Beginning with the line containing "這里的NodeMCU由太陽(yáng)能" and ending with the line containing "Cumhurbaşkanı Ersin Tatar", write out each line of the records below exactly; pictures and lines outside that range are left out.

# Information supplied
╭──

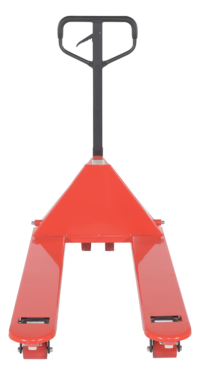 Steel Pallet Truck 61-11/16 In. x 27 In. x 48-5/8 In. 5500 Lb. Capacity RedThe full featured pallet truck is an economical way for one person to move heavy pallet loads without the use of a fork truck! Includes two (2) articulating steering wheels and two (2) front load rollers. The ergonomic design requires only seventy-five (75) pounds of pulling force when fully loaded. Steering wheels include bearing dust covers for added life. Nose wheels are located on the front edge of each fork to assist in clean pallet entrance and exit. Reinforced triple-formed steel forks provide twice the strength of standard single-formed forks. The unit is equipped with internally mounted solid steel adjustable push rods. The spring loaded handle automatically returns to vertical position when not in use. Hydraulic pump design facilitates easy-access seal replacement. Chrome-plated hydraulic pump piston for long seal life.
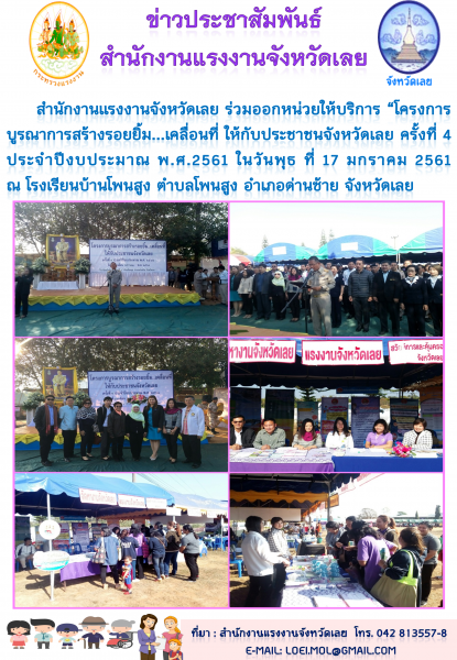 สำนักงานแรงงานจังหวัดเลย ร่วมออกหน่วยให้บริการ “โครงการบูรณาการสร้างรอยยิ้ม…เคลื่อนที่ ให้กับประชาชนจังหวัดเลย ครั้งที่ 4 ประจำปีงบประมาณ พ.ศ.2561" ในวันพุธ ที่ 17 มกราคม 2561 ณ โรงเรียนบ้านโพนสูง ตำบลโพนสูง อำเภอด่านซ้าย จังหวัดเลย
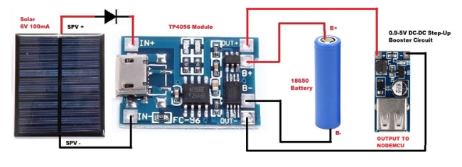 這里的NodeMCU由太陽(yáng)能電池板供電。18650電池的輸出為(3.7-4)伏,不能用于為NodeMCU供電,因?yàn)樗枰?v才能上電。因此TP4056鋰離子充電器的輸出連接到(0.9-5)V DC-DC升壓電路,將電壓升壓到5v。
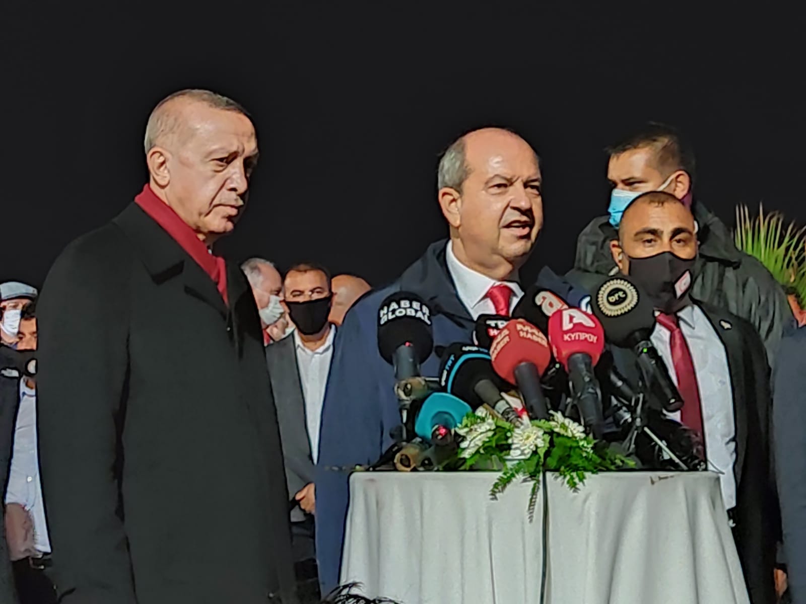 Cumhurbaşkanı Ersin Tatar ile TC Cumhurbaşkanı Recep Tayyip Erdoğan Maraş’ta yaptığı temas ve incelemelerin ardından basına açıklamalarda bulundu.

╰──
╭──

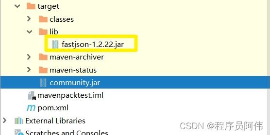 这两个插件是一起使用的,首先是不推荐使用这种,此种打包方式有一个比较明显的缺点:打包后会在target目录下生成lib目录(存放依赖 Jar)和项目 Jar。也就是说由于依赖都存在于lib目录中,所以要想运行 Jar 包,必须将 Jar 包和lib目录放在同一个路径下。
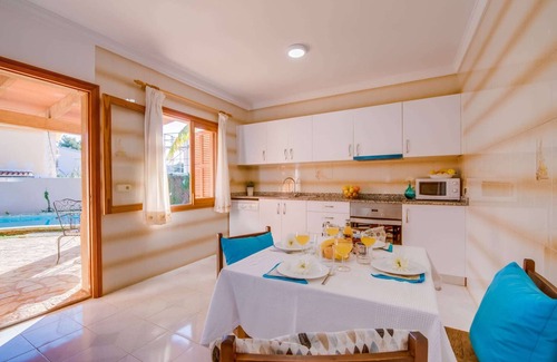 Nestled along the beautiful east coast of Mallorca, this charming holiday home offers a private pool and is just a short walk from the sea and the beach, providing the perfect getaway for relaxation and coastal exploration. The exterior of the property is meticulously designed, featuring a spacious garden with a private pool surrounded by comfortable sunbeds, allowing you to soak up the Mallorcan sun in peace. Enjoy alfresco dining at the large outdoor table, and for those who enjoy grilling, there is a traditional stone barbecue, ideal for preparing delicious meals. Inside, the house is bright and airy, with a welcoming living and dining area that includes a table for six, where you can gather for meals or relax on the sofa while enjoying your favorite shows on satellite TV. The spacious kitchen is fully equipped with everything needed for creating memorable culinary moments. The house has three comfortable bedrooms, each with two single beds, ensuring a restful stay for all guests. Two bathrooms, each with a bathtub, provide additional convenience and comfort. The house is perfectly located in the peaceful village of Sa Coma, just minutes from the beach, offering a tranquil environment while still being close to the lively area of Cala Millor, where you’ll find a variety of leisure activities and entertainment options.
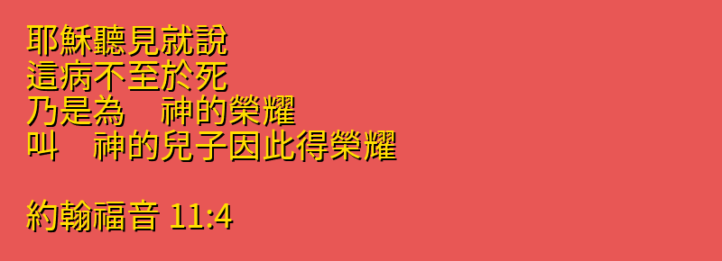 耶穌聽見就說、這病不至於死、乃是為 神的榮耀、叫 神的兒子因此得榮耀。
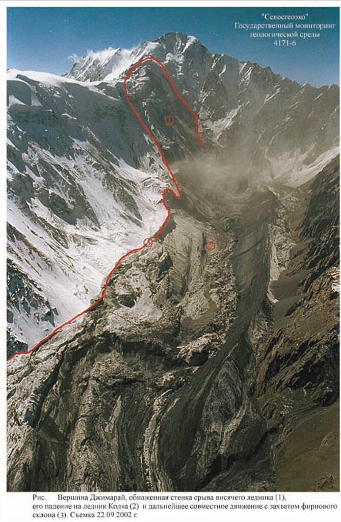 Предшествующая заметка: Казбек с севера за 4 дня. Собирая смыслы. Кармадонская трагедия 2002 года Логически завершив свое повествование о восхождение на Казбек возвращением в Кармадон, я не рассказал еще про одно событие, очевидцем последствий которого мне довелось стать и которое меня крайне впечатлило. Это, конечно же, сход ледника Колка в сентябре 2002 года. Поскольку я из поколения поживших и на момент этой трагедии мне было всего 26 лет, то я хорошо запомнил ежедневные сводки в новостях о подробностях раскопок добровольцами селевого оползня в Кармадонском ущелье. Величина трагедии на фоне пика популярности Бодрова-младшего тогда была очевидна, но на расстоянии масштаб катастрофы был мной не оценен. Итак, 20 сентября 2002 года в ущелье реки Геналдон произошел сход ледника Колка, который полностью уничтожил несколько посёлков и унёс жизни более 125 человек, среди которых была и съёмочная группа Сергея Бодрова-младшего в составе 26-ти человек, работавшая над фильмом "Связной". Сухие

╰──

# Finished exercise
 這里的NodeMCU由太陽(yáng)能電池板供電。18650電池的輸出為(3.7-4)伏,不能用于為NodeMCU供電,因?yàn)樗枰?v才能上電。因此TP4056鋰離子充電器的輸出連接到(0.9-5)V DC-DC升壓電路,將電壓升壓到5v。
 Cumhurbaşkanı Ersin Tatar ile TC Cumhurbaşkanı Recep Tayyip Erdoğan Maraş’ta yaptığı temas ve incelemelerin ardından basına açıklamalarda bulundu.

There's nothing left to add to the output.